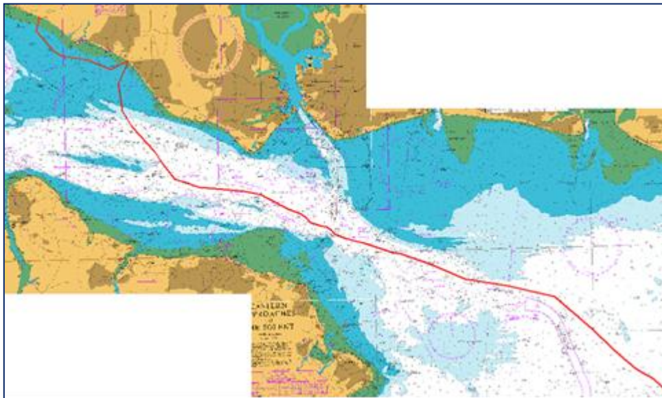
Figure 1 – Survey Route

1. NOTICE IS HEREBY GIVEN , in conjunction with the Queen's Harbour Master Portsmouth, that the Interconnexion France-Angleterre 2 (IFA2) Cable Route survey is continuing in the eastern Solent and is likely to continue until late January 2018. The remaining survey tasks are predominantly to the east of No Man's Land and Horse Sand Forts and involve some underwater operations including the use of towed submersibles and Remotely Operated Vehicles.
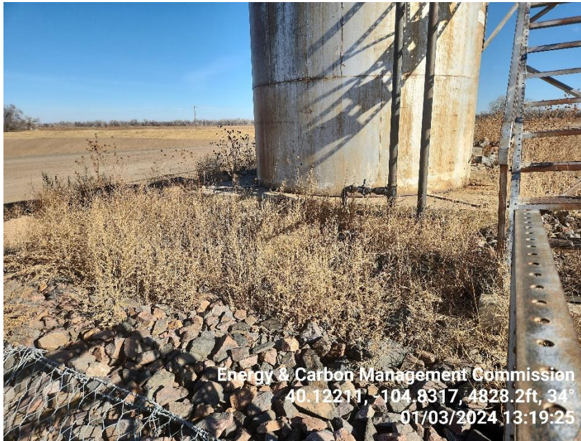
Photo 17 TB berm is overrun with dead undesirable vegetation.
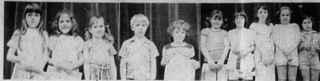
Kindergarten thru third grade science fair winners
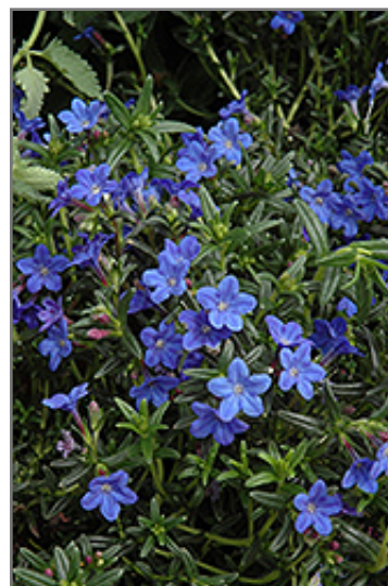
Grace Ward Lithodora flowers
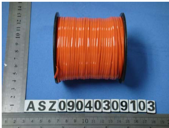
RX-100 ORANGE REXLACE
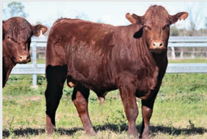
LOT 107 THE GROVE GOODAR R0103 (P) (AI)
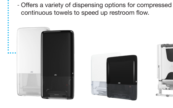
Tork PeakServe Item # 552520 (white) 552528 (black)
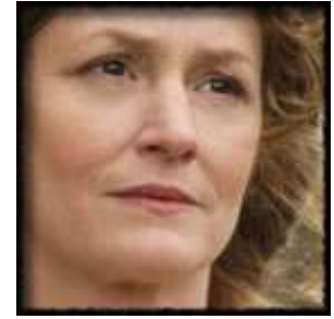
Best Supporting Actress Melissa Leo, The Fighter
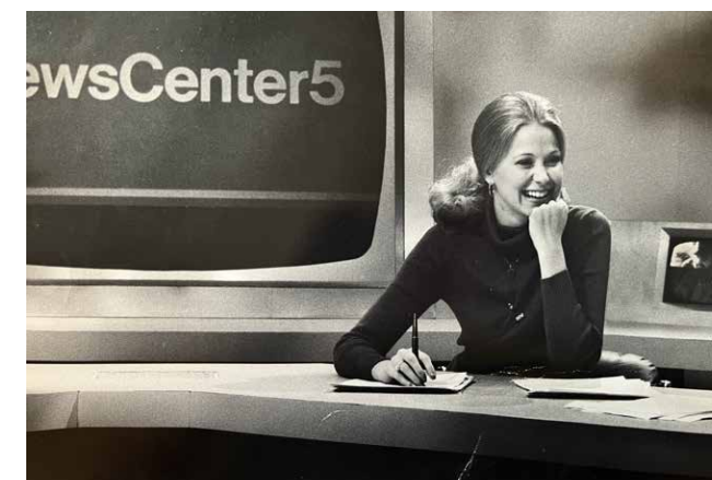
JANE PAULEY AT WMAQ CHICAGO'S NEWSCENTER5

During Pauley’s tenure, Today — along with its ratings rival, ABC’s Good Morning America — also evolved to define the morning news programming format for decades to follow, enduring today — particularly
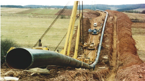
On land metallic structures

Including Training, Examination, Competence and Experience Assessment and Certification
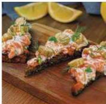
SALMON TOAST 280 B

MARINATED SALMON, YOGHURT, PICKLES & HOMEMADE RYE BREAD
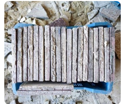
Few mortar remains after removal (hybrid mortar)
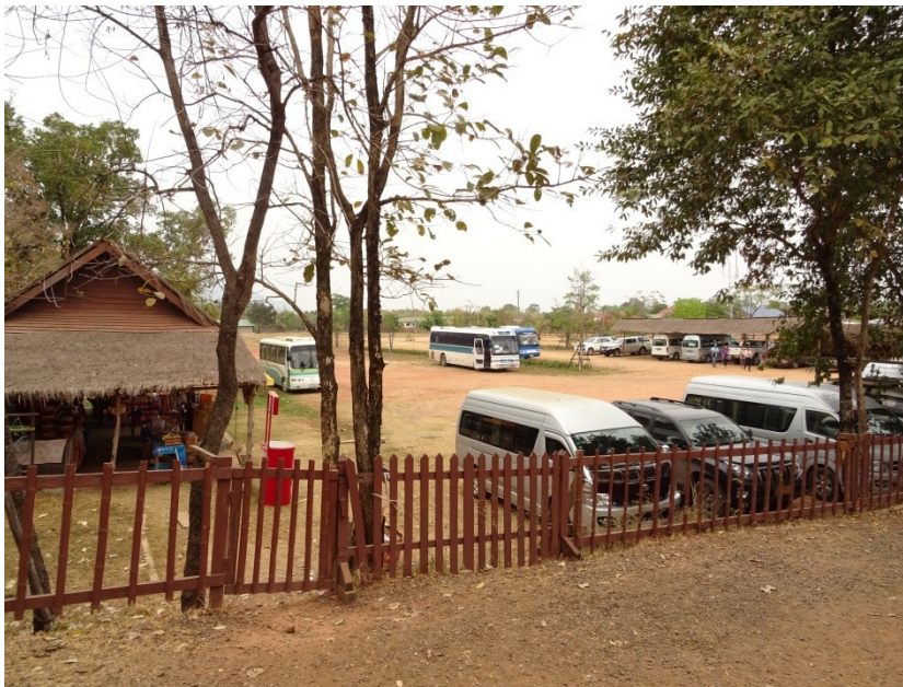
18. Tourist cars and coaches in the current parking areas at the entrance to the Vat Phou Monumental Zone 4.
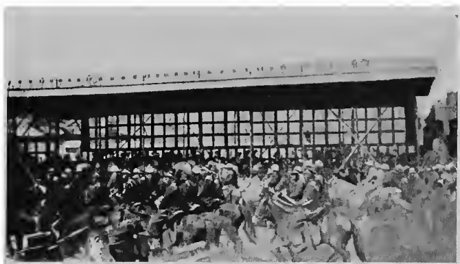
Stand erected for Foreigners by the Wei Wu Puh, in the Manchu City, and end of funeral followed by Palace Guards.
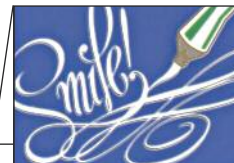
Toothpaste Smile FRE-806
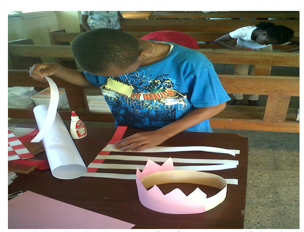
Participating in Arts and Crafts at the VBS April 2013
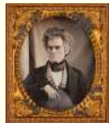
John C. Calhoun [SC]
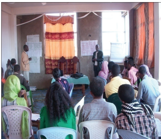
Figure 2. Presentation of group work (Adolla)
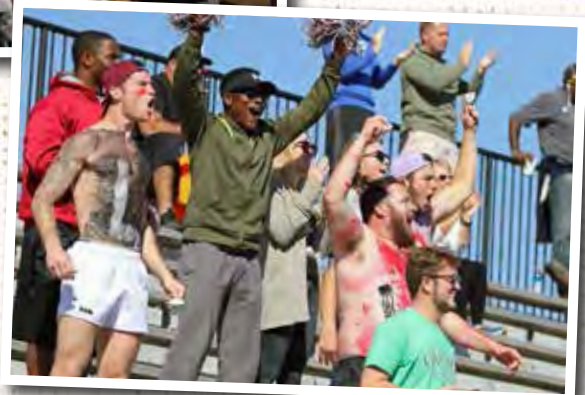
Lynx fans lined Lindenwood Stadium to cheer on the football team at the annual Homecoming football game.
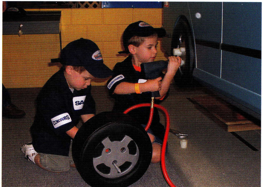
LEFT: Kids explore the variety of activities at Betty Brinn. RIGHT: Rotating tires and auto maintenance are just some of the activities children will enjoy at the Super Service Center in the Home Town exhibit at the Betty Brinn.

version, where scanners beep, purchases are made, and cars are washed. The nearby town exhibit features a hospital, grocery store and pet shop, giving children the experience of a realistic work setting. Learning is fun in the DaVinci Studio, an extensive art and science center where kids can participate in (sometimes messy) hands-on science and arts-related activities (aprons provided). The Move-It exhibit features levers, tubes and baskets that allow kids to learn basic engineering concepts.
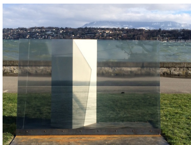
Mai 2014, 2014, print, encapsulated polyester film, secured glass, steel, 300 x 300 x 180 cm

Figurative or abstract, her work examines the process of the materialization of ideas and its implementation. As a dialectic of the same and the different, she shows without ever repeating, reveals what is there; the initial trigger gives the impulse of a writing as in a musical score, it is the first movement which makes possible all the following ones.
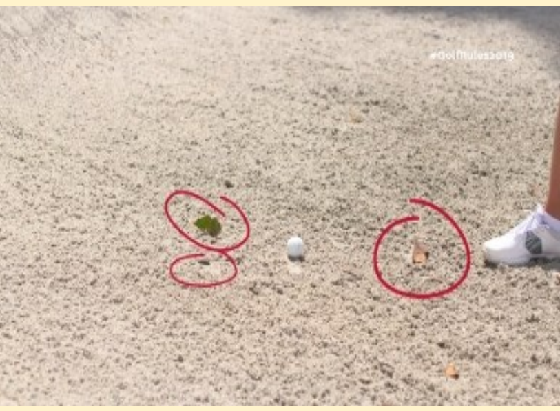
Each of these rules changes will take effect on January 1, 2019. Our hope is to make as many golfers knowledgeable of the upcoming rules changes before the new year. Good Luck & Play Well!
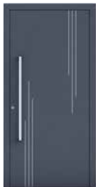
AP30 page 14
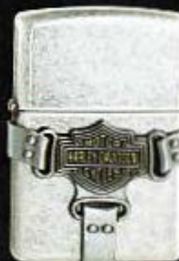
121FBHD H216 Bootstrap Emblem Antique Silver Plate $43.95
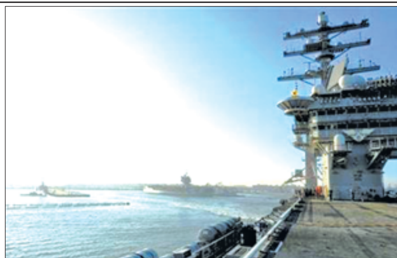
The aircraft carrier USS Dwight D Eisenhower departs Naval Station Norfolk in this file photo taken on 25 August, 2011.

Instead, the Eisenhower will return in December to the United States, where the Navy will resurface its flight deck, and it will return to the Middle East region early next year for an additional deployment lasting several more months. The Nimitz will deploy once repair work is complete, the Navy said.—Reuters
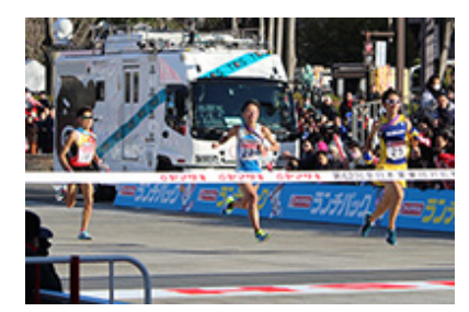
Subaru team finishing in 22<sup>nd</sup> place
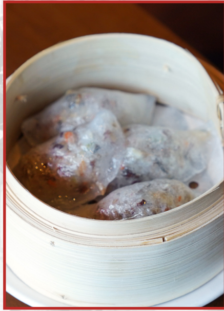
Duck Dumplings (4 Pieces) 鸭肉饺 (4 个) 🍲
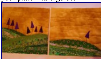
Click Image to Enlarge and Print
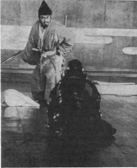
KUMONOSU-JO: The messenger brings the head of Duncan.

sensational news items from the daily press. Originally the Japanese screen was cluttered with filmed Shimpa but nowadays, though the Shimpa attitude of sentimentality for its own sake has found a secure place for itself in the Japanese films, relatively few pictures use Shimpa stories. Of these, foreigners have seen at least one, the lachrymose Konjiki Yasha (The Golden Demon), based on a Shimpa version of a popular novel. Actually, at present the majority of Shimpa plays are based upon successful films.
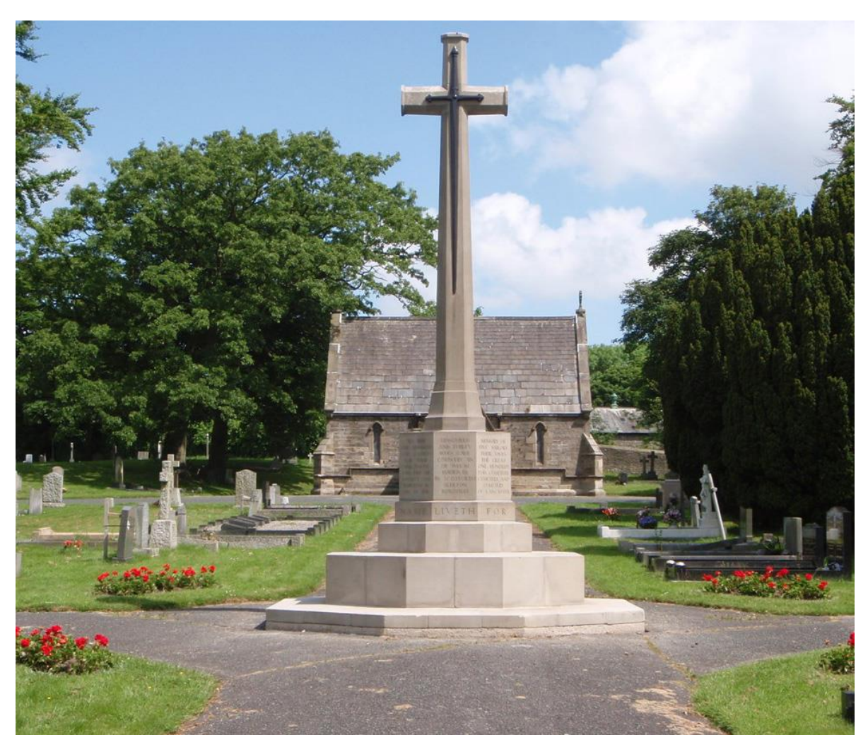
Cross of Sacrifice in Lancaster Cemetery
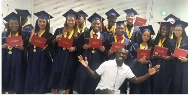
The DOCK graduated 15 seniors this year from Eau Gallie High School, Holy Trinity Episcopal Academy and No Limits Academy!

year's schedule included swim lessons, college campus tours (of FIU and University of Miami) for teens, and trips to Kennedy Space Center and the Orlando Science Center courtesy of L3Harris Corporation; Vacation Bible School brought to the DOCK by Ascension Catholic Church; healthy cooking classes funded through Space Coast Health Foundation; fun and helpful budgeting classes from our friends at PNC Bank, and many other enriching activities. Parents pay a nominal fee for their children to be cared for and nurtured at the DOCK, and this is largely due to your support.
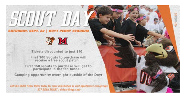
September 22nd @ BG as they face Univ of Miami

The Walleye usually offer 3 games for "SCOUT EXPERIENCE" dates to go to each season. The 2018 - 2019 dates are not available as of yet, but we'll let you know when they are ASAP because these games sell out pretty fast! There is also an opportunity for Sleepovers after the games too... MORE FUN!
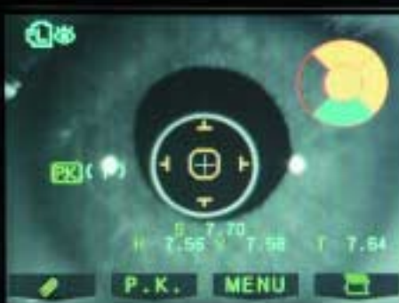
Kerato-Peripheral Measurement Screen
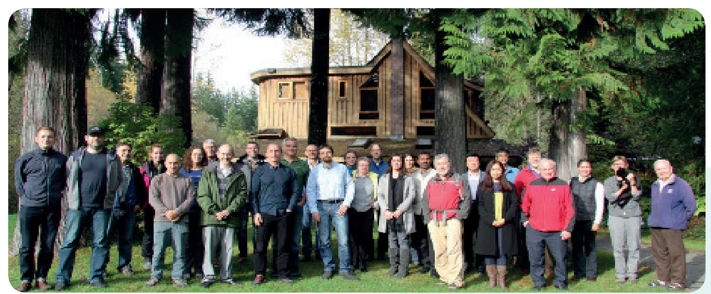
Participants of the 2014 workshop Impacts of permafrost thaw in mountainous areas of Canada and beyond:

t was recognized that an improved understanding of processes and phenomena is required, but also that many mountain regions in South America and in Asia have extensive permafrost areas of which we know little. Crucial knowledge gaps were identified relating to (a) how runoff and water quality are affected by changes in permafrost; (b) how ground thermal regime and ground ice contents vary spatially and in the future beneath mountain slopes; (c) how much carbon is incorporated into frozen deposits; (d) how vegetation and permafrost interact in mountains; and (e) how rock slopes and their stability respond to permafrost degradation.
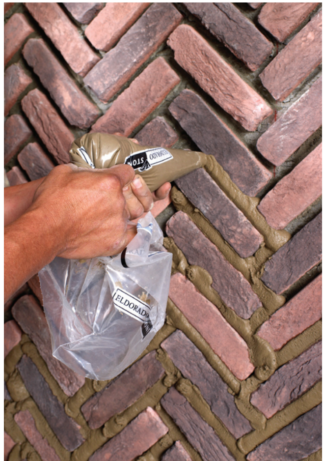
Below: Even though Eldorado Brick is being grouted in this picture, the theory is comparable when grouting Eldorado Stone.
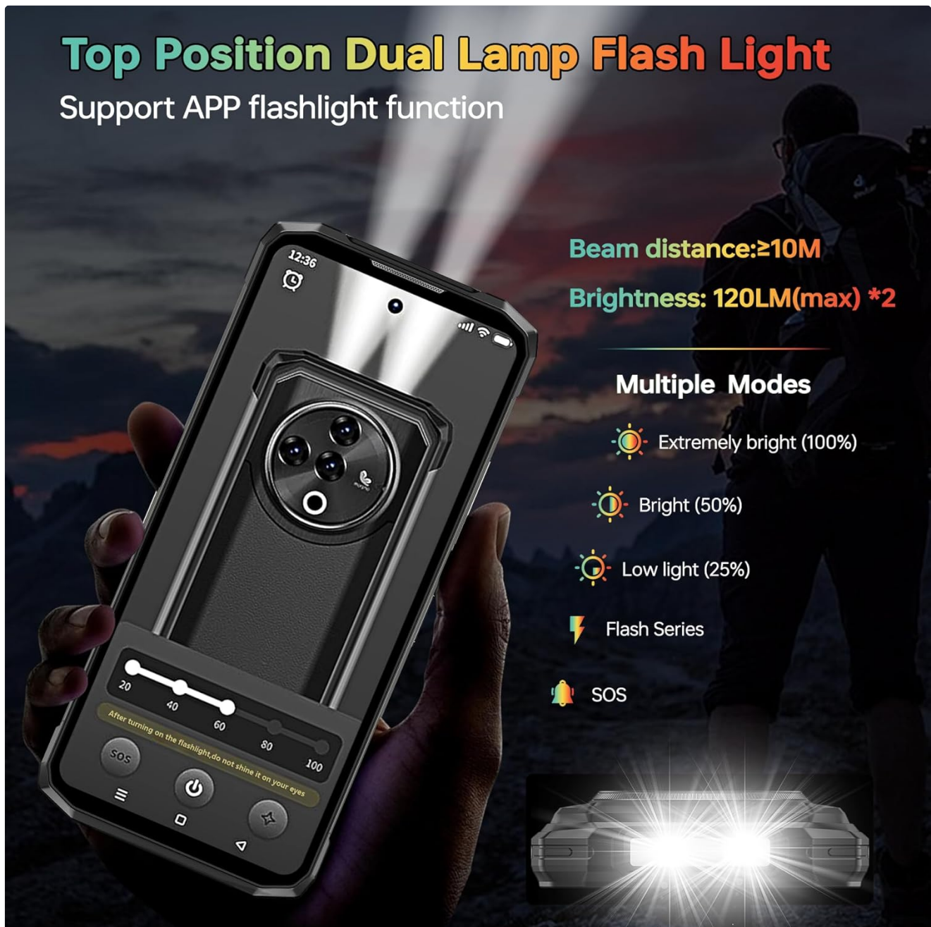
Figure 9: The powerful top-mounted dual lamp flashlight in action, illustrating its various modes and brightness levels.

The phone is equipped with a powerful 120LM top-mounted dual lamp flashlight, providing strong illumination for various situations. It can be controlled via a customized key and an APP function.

___

Reproduce exactly the lines above that run from the one with "Including Training, Examination, Competence" to the one with "Stand erected for", both included, leaving pictures out.

Including Training, Examination, Competence and Experience Assessment and Certification
SALMON TOAST 280 B

MARINATED SALMON, YOGHURT, PICKLES & HOMEMADE RYE BREAD
Few mortar remains after removal (hybrid mortar)
18. Tourist cars and coaches in the current parking areas at the entrance to the Vat Phou Monumental Zone 4.
Stand erected for Foreigners by the Wei Wu Puh, in the Manchu City, and end of funeral followed by Palace Guards.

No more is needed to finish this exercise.